• _Description of the task_
Copy all records verbatim, images excluded.

• _Supplied records_
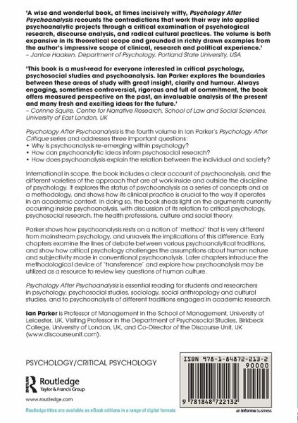 Ian Parker has been a leading light in the fields of critical and discursive psychology for over 25 years. The Psychology After Critique series brings together for the first time his most important papers. Each volume in the series has been prepared by Ian Parker and presents a newly written introduction and focused overview of a key topic area. Psychology After Psychoanalysis, the fourth volume in the series, is about the impact of psychoanalysis on critical debates in psychology. It addresses three central questions: Why is psychoanalysis re-emerging within psychology? How can psychoanalytic ideas inform psychosocial research? How does psychoanalysis explain the relation between the individual and society? International in scope, the book includes a clear account of psychoanalysis, and the different varieties of the approach that are at work inside and outside the discipline of psychology. It explores the status of psychoanalysis as a series of concepts and as a methodology, and shows how its clinical practice is crucial to the way that it operates now in an academic context. In doing so, the book sheds light on the arguments currently occurring inside psychoanalysis, with discussion of its relation to critical psychology, psychosocial research, the health professions, culture and social theory. Parker shows how psychoanalysis rests on a notion of 'method' that is very different from mainstream psychology, and unravels the implications of this difference. Early chapters examine the lines of debate between various psychoanalytical traditions, and show how critical psychology challenges the assumptions about human nature and subjectivity made in conventional psychoanalysis. Later chapters introduce the methodological device of 'transference' and explore how psychoanalysis may be utilized as a resource to review key questions of human culture. Psychology After Psychoanalysis is essential reading for students and researchers in psychology, psychosocial studies, sociology, social anthropology and cultural studies, and to psychoanalysts of different traditions engaged in academic research.
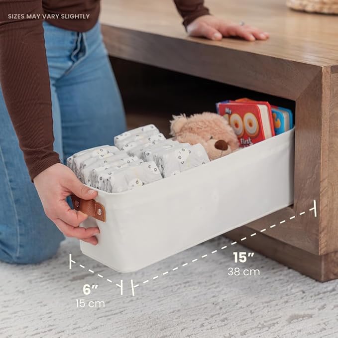 - Decorative Fabric and Vegan Leather – These versatile storage baskets for organizing your everyday life are made with a thick, high-quality fabric and fitted with leather handles to add a stylish touch to a living room, bedroom, office, or personal space.
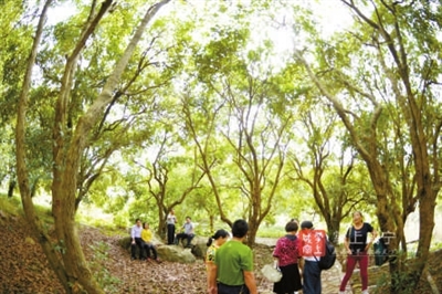 林间寻秋有趣味。十六潭的山林间,几位老师带领一群幼儿园学生,寻找不同颜色和形状的落叶。
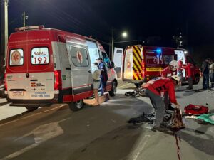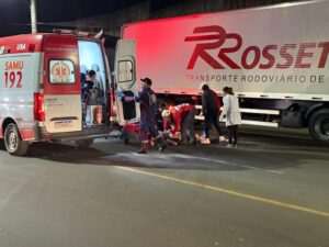 Um acidente envolvendo uma motocicleta e um caminhão foi registrado na noite desta segunda-feira (1º), na Rua Senador Attilio Fontana, em Concórdia. A colisão mobilizou equipes de resgate, que prestaram atendimento rápido à vítima no local.
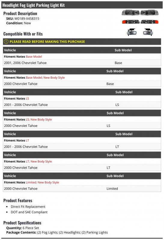 Compatible with or fits: (Note: Base Model; 2001, 2006 Chevy Tahoe Base) (Note: Base Model; New Body Style; 2000 Chevy Tahoe Base) (Note: LS; 2001 - 2006 Chevy Tahoe LS) (Note: LS; New Body Style; 2000 Chevy Tahoe LS) (Note: LT; 2001 - 2006 Chevy Tahoe LT) (Note: LT; New Body Style; 2000 Chevy Tahoe LT) (Note: Limited; New Body Style; 2000 Chevy Tahoe Limited). Direct Fit Replacement. DOT and SAE Compliant. Quantity: 6 Piece Set; Package Contents: (2) Fog Lights; (2) Headlights; (2) Parking Lights. Headlight Fog Light Parking Light Kit.Other fine products
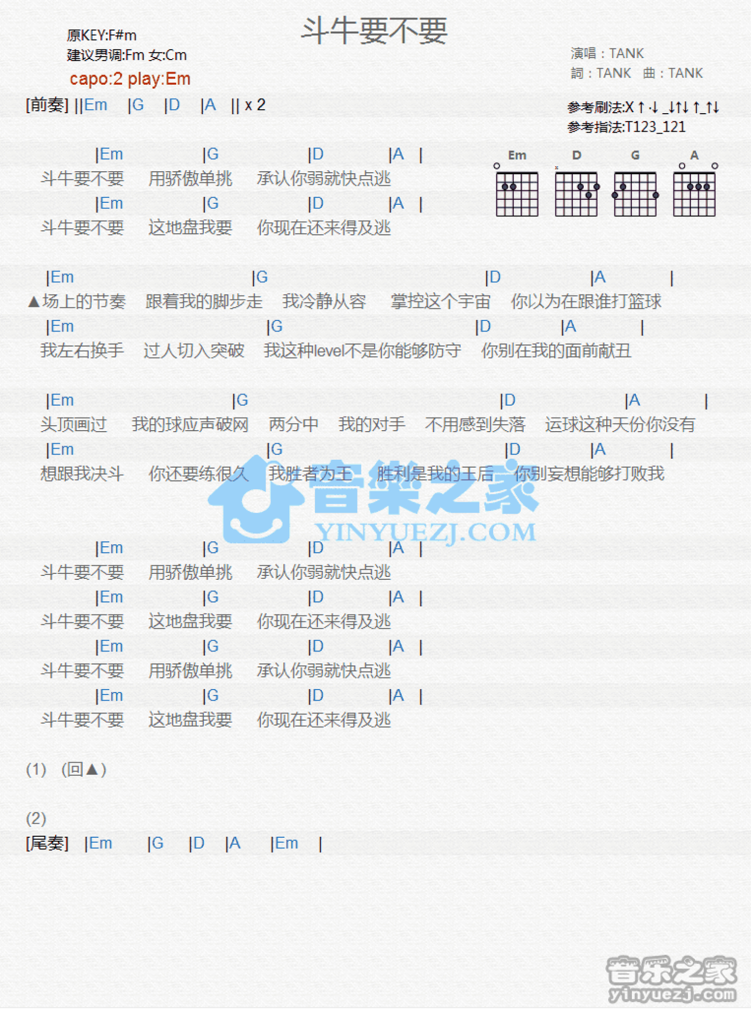 曲谱介绍: Em调版 TANK《斗牛要不要》吉他和弦弹唱谱
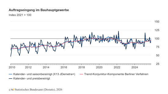 Gegenüber Oktober 2025 ist der reale Auftragseingang im Bauhauptgewerbe im Berichtsmonat um 8,5 Prozent gestiegen. Im Hochbau nahm er im Vormonatsvergleich um 7,2 Prozent und im Tiefbau um 10,1 Prozent zu. Im weniger volatilen Dreimonatsvergleich lag der kalender- und saisonbereinigte Auftragseingang von September 2025 bis November 2025 um 3,8 Prozent höher als in den drei Monaten zuvor (Hochbau: +5,1 Prozent; Tiefbau: +2,6 Prozent).
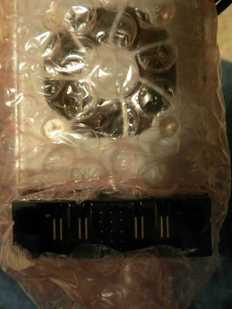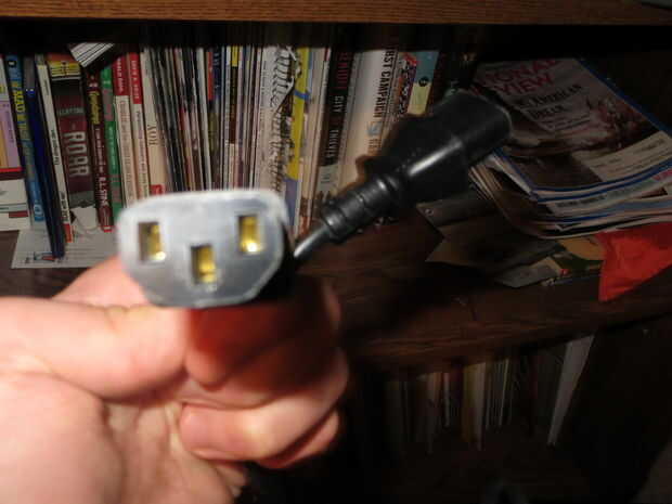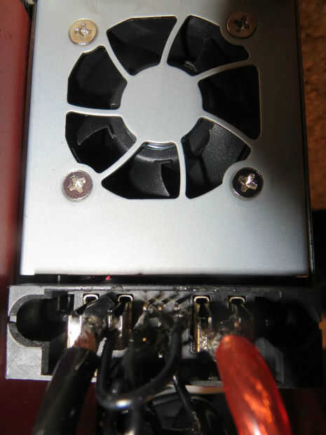 5. encontrar los pequeños pines en el adaptador de red. Oriente la fuente de alimentación con el ventilador en la parte superior los pines.
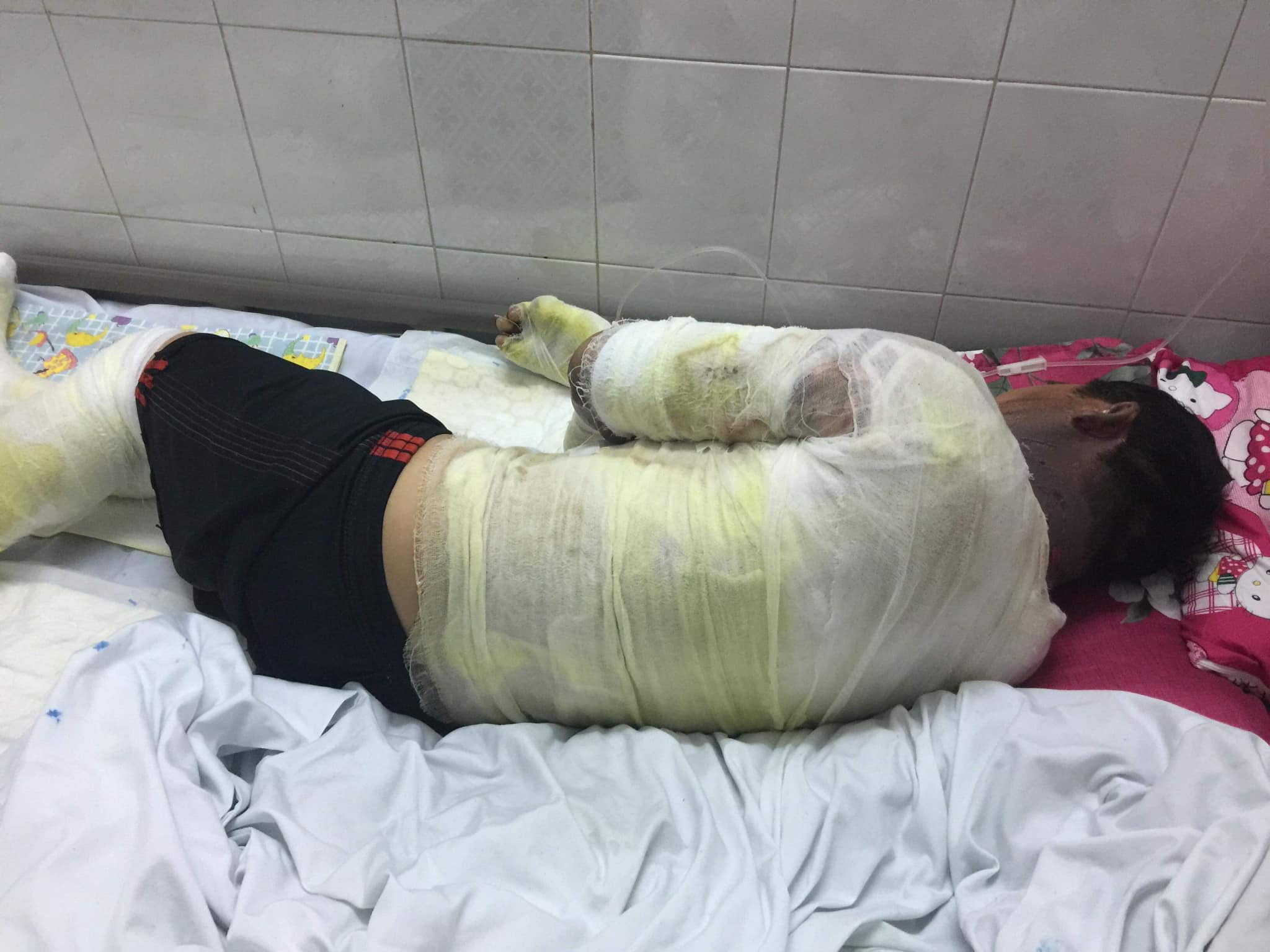 Lúc đó, bên cạnh chị và chồng là anh Nguyễn Văn Linh (SN 1969) có can xăng 5 lít để gần máy cắt cỏ. Ngọn lửa bén vào can xăng phát nổ. Vụ tai nạn làm chị Hồng bị bỏng nặng đến 90% còn anh Linh bị bỏng 30%. Vụ nổ cũng gây cháy ở khu vực lán trại, nhưng được người dân kịp thời dập tắt.
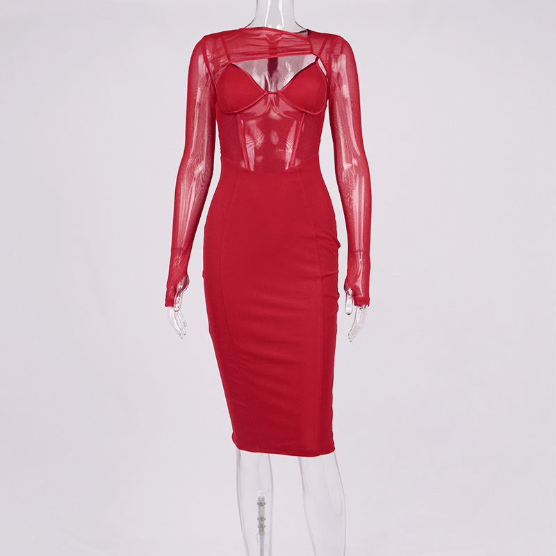 Bella Hadid Dress Sexy Mesh Fishbone Hollow Pleated Backless Dress
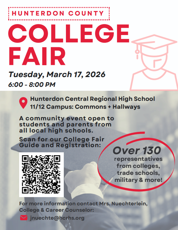 We are eager to host this event at Hunterdon Central and offer it to nearby high schools as well. We would love for you to advertise the fair to your students and parents. We expect 130+ colleges, trade/technical schools, and military recruiters.
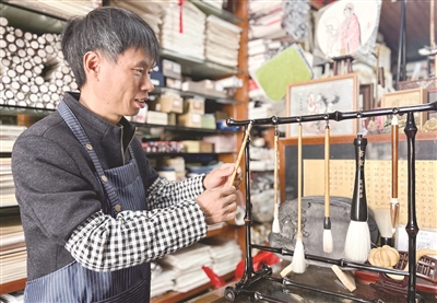 凭借自己的手艺,他为各书画家和书画爱好者量身定制毛笔。如今,许多客人进店,总爱与他切磋交流。陈小高话不多,却总能用专业与诚意,帮助客人找到最合心意的文房用品。笔庄的生意,也渐渐步入佳境。这家店也成了陈小高家族世代制笔技艺的展示窗口,他也顺利地在金华安了家,和妻子共同打理着这家店。
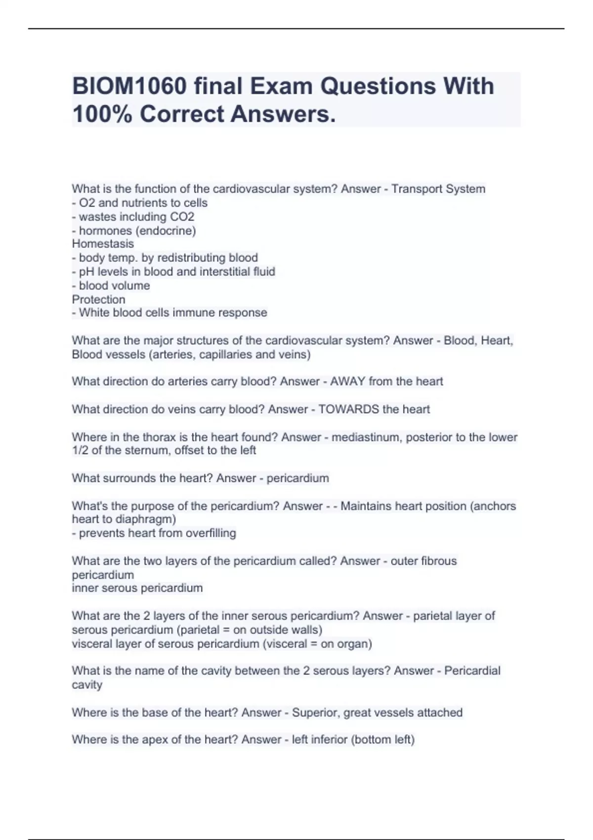 BIOM1060 Semester One Final Examination (Includes: Cardiovascular Physiology; Cardiorespiratory Anatomy; Respiratory Physiology; Electrophysiology; The ECG; Female Reproduction; Male Reproduction; Reproductive Physiology; Lifecycle Physiology; Conception;
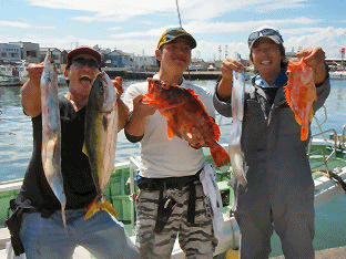 2012年 5月 20日 本日は底物にて出船しました。ワラサ 6.0kg・カンコ 2.5kg〜1.0kg・アヤメカサゴ・キツネダイ・大鯖入れ食い! |
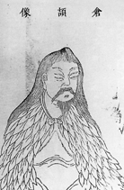 蒼頡像 文字を考案したと伝えられる4ツ目の蒼頡は、 史上最高の”龍顔”と伝えられ、ここでも印文 四龍を示す。 |
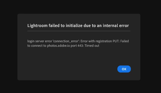 having issues with logging onto Lightroom for my desktop. I have redownloaded on 2 computers to no avail. When it open on one it says, "Lightroom could not connect to the server" When I open on the other it says, "Lightroom failed to initialize due to an internal error, login server error "connection_error': Error with registration PUT: Failed to connect to photos.adove.io port 443: timed out.

• _Answer for this exercise_
 Ian Parker has been a leading light in the fields of critical and discursive psychology for over 25 years. The Psychology After Critique series brings together for the first time his most important papers. Each volume in the series has been prepared by Ian Parker and presents a newly written introduction and focused overview of a key topic area. Psychology After Psychoanalysis, the fourth volume in the series, is about the impact of psychoanalysis on critical debates in psychology. It addresses three central questions: Why is psychoanalysis re-emerging within psychology? How can psychoanalytic ideas inform psychosocial research? How does psychoanalysis explain the relation between the individual and society? International in scope, the book includes a clear account of psychoanalysis, and the different varieties of the approach that are at work inside and outside the discipline of psychology. It explores the status of psychoanalysis as a series of concepts and as a methodology, and shows how its clinical practice is crucial to the way that it operates now in an academic context. In doing so, the book sheds light on the arguments currently occurring inside psychoanalysis, with discussion of its relation to critical psychology, psychosocial research, the health professions, culture and social theory. Parker shows how psychoanalysis rests on a notion of 'method' that is very different from mainstream psychology, and unravels the implications of this difference. Early chapters examine the lines of debate between various psychoanalytical traditions, and show how critical psychology challenges the assumptions about human nature and subjectivity made in conventional psychoanalysis. Later chapters introduce the methodological device of 'transference' and explore how psychoanalysis may be utilized as a resource to review key questions of human culture. Psychology After Psychoanalysis is essential reading for students and researchers in psychology, psychosocial studies, sociology, social anthropology and cultural studies, and to psychoanalysts of different traditions engaged in academic research.
 - Decorative Fabric and Vegan Leather – These versatile storage baskets for organizing your everyday life are made with a thick, high-quality fabric and fitted with leather handles to add a stylish touch to a living room, bedroom, office, or personal space.
 林间寻秋有趣味。十六潭的山林间,几位老师带领一群幼儿园学生,寻找不同颜色和形状的落叶。
 Um acidente envolvendo uma motocicleta e um caminhão foi registrado na noite desta segunda-feira (1º), na Rua Senador Attilio Fontana, em Concórdia. A colisão mobilizou equipes de resgate, que prestaram atendimento rápido à vítima no local.
 Compatible with or fits: (Note: Base Model; 2001, 2006 Chevy Tahoe Base) (Note: Base Model; New Body Style; 2000 Chevy Tahoe Base) (Note: LS; 2001 - 2006 Chevy Tahoe LS) (Note: LS; New Body Style; 2000 Chevy Tahoe LS) (Note: LT; 2001 - 2006 Chevy Tahoe LT) (Note: LT; New Body Style; 2000 Chevy Tahoe LT) (Note: Limited; New Body Style; 2000 Chevy Tahoe Limited). Direct Fit Replacement. DOT and SAE Compliant. Quantity: 6 Piece Set; Package Contents: (2) Fog Lights; (2) Headlights; (2) Parking Lights. Headlight Fog Light Parking Light Kit.Other fine products
 曲谱介绍: Em调版 TANK《斗牛要不要》吉他和弦弹唱谱
 Gegenüber Oktober 2025 ist der reale Auftragseingang im Bauhauptgewerbe im Berichtsmonat um 8,5 Prozent gestiegen. Im Hochbau nahm er im Vormonatsvergleich um 7,2 Prozent und im Tiefbau um 10,1 Prozent zu. Im weniger volatilen Dreimonatsvergleich lag der kalender- und saisonbereinigte Auftragseingang von September 2025 bis November 2025 um 3,8 Prozent höher als in den drei Monaten zuvor (Hochbau: +5,1 Prozent; Tiefbau: +2,6 Prozent).
 5. encontrar los pequeños pines en el adaptador de red. Oriente la fuente de alimentación con el ventilador en la parte superior los pines.
 Lúc đó, bên cạnh chị và chồng là anh Nguyễn Văn Linh (SN 1969) có can xăng 5 lít để gần máy cắt cỏ. Ngọn lửa bén vào can xăng phát nổ. Vụ tai nạn làm chị Hồng bị bỏng nặng đến 90% còn anh Linh bị bỏng 30%. Vụ nổ cũng gây cháy ở khu vực lán trại, nhưng được người dân kịp thời dập tắt.
 Bella Hadid Dress Sexy Mesh Fishbone Hollow Pleated Backless Dress
 We are eager to host this event at Hunterdon Central and offer it to nearby high schools as well. We would love for you to advertise the fair to your students and parents. We expect 130+ colleges, trade/technical schools, and military recruiters.
 凭借自己的手艺,他为各书画家和书画爱好者量身定制毛笔。如今,许多客人进店,总爱与他切磋交流。陈小高话不多,却总能用专业与诚意,帮助客人找到最合心意的文房用品。笔庄的生意,也渐渐步入佳境。这家店也成了陈小高家族世代制笔技艺的展示窗口,他也顺利地在金华安了家,和妻子共同打理着这家店。
 BIOM1060 Semester One Final Examination (Includes: Cardiovascular Physiology; Cardiorespiratory Anatomy; Respiratory Physiology; Electrophysiology; The ECG; Female Reproduction; Male Reproduction; Reproductive Physiology; Lifecycle Physiology; Conception;
 2012年 5月 20日 本日は底物にて出船しました。ワラサ 6.0kg・カンコ 2.5kg〜1.0kg・アヤメカサゴ・キツネダイ・大鯖入れ食い! |
 蒼頡像 文字を考案したと伝えられる4ツ目の蒼頡は、 史上最高の”龍顔”と伝えられ、ここでも印文 四龍を示す。 |
 having issues with logging onto Lightroom for my desktop. I have redownloaded on 2 computers to no avail. When it open on one it says, "Lightroom could not connect to the server" When I open on the other it says, "Lightroom failed to initialize due to an internal error, login server error "connection_error': Error with registration PUT: Failed to connect to photos.adove.io port 443: timed out.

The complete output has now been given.